Stopping to take photos along the way, your naturalist guide will present dramatic evidence to just how well the ecosystem is recovering and the impressive ongoing reforestation project.
Arriving into the blast-zone, just 5 miles from the crater at the Johnston Ridge Observatory you'll take in some stunning views into the steaming volcano. Your naturalist guide will share the magic of the geological events surrounding the 1980 eruption through a variety of stories, facts and walks. Experience how volcanoes are monitored and discover how Mount St. Helens has taught us new answers to old mysteries. The Center's state-of-the-art interpretive displays and theater magically portray the sequence of geologic events that transformed the landscape and opened up a new era in the science of monitoring an active volcano and forecasting eruptions. Read amazing eyewitness accounts from eruption survivors.

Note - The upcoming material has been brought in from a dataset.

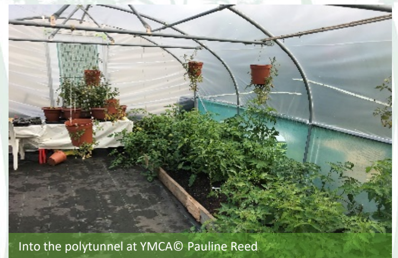
Into the polytunnel at YMCA

You'll embark on short walk on the Eruption Trail and learn how the eruption shaped the surrounding landscape. You can expect to see views of the lava dome, crater, pumice plain, and the landslide deposit. On the return, you'll experience the Hummocks Trail, the largest landslide in recorded human history, in Coldwater Lake Recreation Area to see first hand how the environment was left to respond naturally to the eruption at 8:32 Sunday morning, May 18, 1980. Nearly 230 square miles of forest was blown down or buried beneath volcanic deposits. At the same time a mushroom-shaped column of ash rose thousands of feet skyward and drifted downwind, turning day into night as dark, gray ash fell over eastern Washington and beyond. The eruption lasted 9 hours, but Mount St. Helens and the surrounding landscape were dramatically changed within moments.